The response must consist of the lines below from the one with "Das vom Palais" through the one with "Am very pleased", exactly as they appear and with both ends kept.

▸ **Data extract**

——

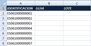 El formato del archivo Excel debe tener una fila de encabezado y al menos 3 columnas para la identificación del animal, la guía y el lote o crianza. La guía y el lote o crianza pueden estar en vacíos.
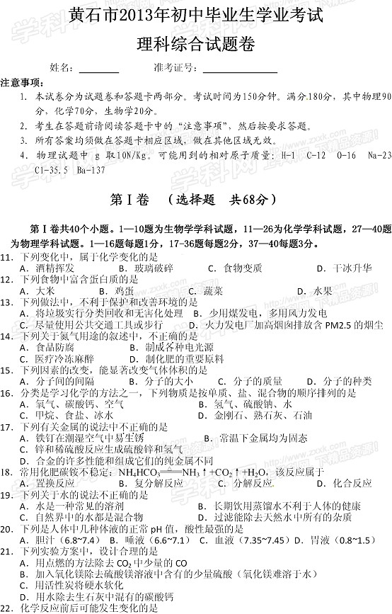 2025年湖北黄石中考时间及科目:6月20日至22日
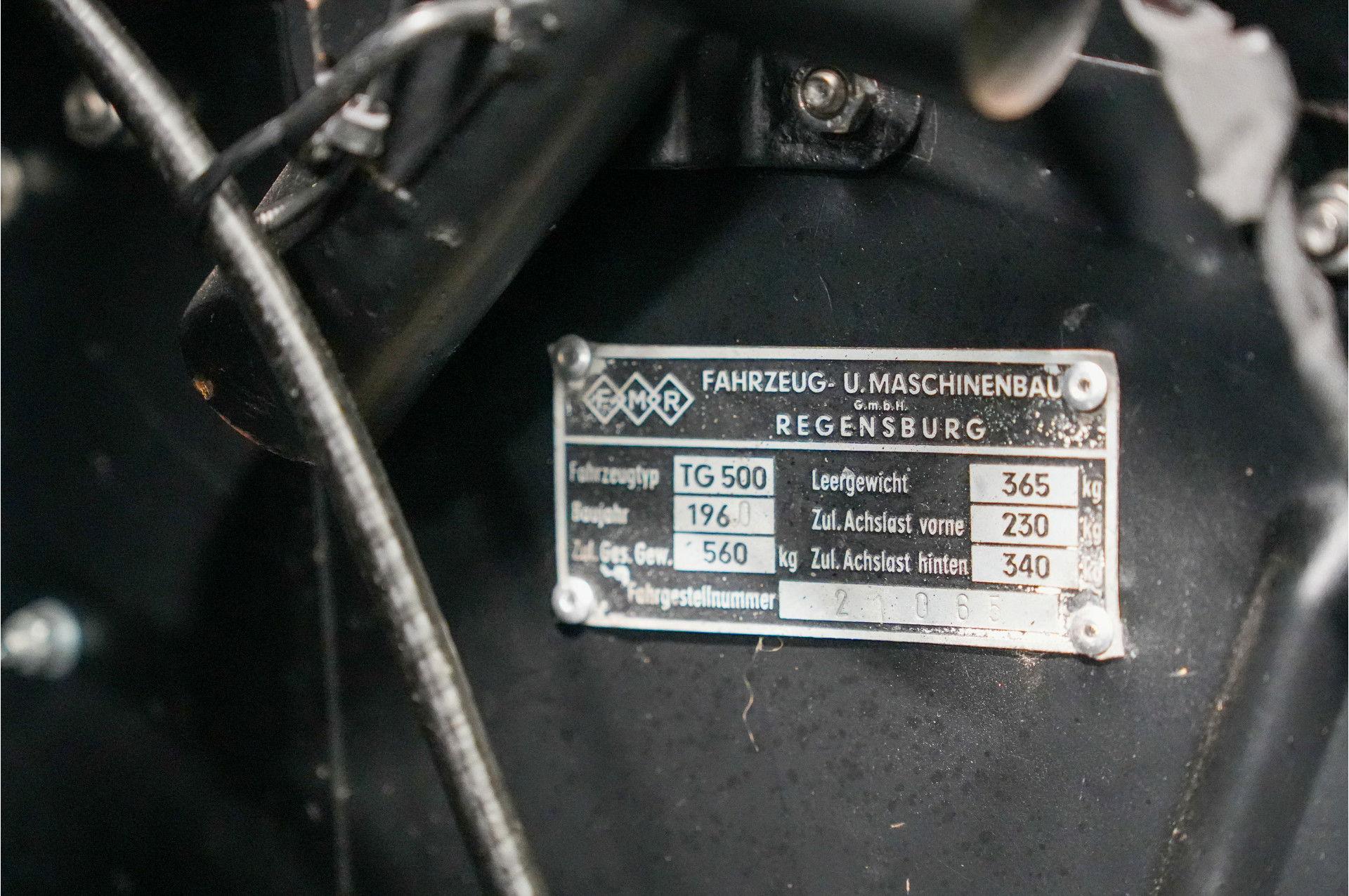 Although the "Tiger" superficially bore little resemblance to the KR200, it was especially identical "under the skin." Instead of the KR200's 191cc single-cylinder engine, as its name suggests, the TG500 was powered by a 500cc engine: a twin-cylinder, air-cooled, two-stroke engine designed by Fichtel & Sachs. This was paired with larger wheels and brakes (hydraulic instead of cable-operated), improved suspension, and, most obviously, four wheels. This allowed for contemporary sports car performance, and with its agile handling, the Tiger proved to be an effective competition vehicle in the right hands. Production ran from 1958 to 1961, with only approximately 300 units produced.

——

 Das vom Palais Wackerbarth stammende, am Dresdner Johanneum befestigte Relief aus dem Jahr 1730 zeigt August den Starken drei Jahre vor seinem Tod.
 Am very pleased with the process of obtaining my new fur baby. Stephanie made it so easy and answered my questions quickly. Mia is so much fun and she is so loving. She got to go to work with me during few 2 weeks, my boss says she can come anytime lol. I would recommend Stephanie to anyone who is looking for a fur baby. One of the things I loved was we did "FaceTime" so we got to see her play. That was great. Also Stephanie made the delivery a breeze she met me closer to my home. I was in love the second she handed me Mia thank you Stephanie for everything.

——

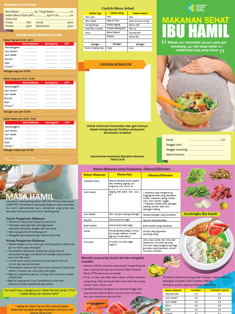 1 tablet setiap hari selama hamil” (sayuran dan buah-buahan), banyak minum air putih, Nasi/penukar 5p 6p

——

▸ **Solution**
 Das vom Palais Wackerbarth stammende, am Dresdner Johanneum befestigte Relief aus dem Jahr 1730 zeigt August den Starken drei Jahre vor seinem Tod.
 Am very pleased with the process of obtaining my new fur baby. Stephanie made it so easy and answered my questions quickly. Mia is so much fun and she is so loving. She got to go to work with me during few 2 weeks, my boss says she can come anytime lol. I would recommend Stephanie to anyone who is looking for a fur baby. One of the things I loved was we did "FaceTime" so we got to see her play. That was great. Also Stephanie made the delivery a breeze she met me closer to my home. I was in love the second she handed me Mia thank you Stephanie for everything.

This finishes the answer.